На миг он замолк, встал из-за стола, прошёлся по кабинету, постоял у окна, прищуренным взглядом прощупал обольские дома, потом, подойдя к двери и закрыв её на замок, вернулся к своему креслу. Закуривая, он налёг грудью на стол, выкинул из лачки Экерту сигарету. Когда тот поспешно прикурил от его зажигалки, Друлинг шёпотом проговорил:
— Сделаешь то, что прикажу. Слышишь, и никакой инициативы от себя. Это нужно выполнить тонко, без выстрелов. Как это у вас там говорят… Чтобы комар носа не подточил.
— Слушаюсь. — Экерт поспешно кивнул головой и подвинулся ближе к столу. Когда Друлинг подробно изложил суть своего замысла, Экерт ухмыльнулся:
— Добро, закумекано. Настоящим дельцем попахивает.
— Справишься?
_ Исполнить можно. Чувствую, придавим кое-кого к ногтю.

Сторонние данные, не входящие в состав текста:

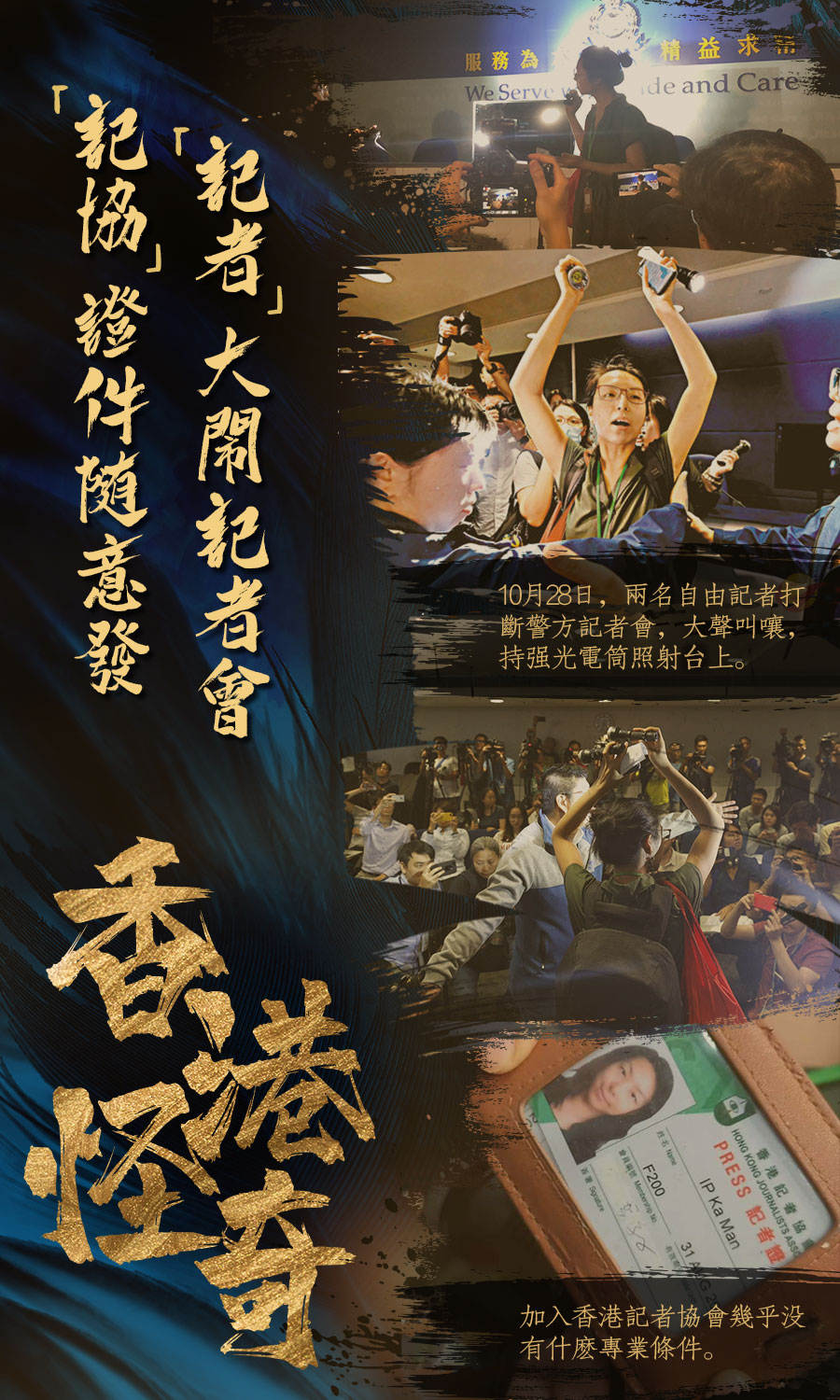 在前日的警方例行记者会上,自称记者的叶家文因为用电筒照向警方高层以示抗议而被逐;事后她用以进场的“记者证”在网上流传。网上看见,所谓“记者证”,只是香港记者协会编号F200的会员证,不是传媒机构的工作证。
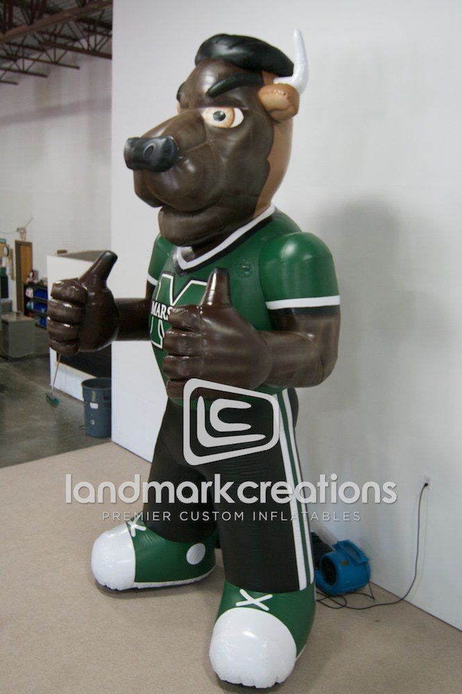 Designed for the Marshall University Alumni Association, this custom inflatable mascot, Macro the buffalo, got fans wild at sporting events
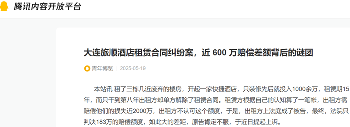 按理,这起房屋租赁纠纷并不难审理,但是,2024年5月法院正式立案,但到今年半个月前才下判决,此案整整审了一年,但结果却只判了183万的赔偿额度。对此,酒店方如何也想不明白,他们投入巨额资金获得经营收益的目的落空,该经营收益的丧失必然成为其损失,且合同当中还明明写着的,这是最基本的事实,但法院却以“经营损失具有不确定以及超出可预见性”为借口,不认可酒店方面的请求。
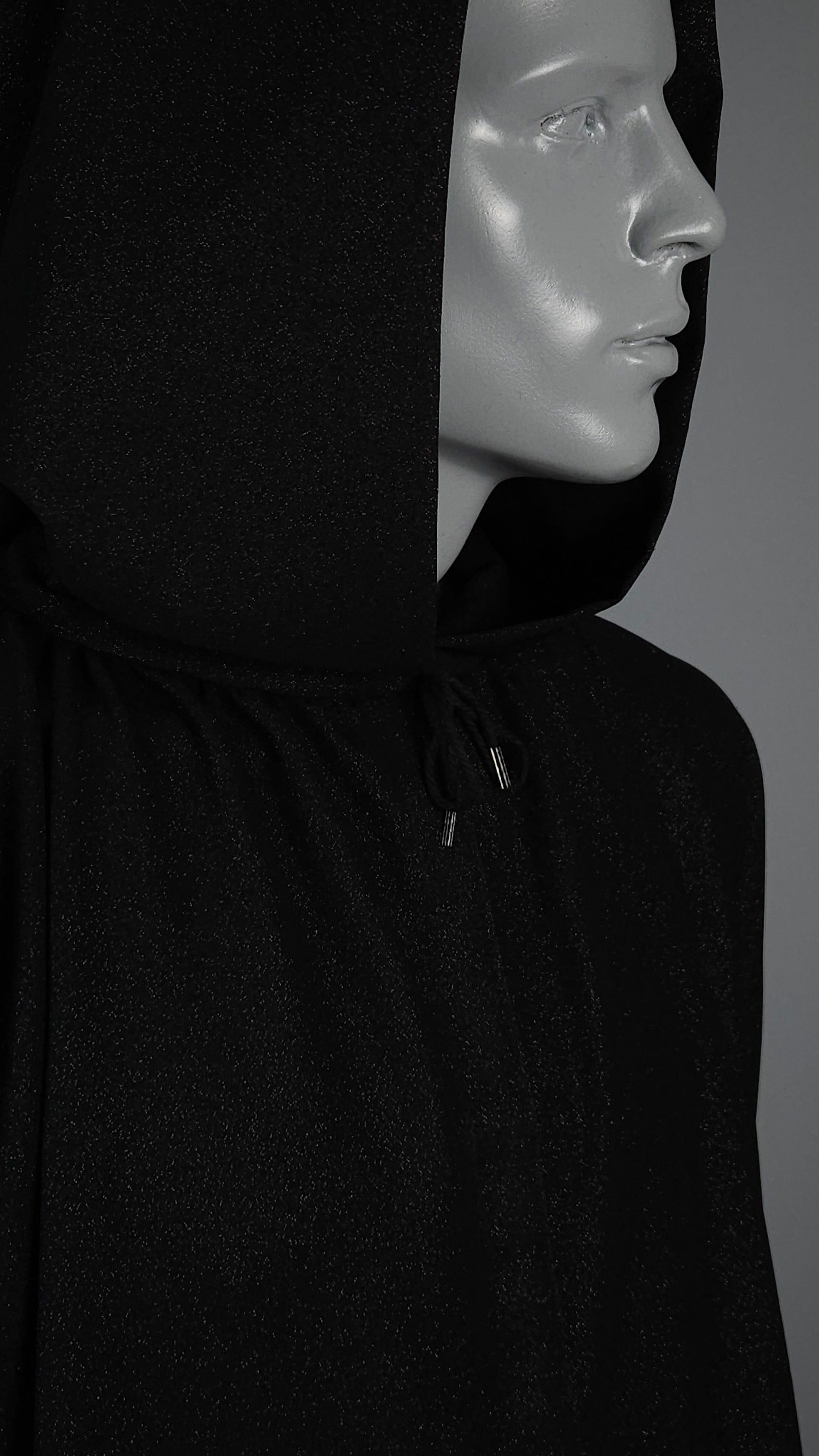Collector's Edition robes are handmade with custom iconic sparkle fabric. There is a velcro piece inside the hood to attach a mask if it is desired.

— Подсадную утку подобрать сумеешь?
— Сыщется, Можете надеяться. Есть у меня на примете один щенок.
— Надёжный?
— Я его потрохи насквозь вижу. Довериться можно.
— Гарантии?
— Дезертир, Сбег с фронта. И на чердак заполз. Привык — объявился. Сейчас по девкам бегает. Его отец, между прочим, тоже за Советскую власть кровь не проливал. Щенок в отца пошёл.
— Кто такой?
— Гречухин Николай.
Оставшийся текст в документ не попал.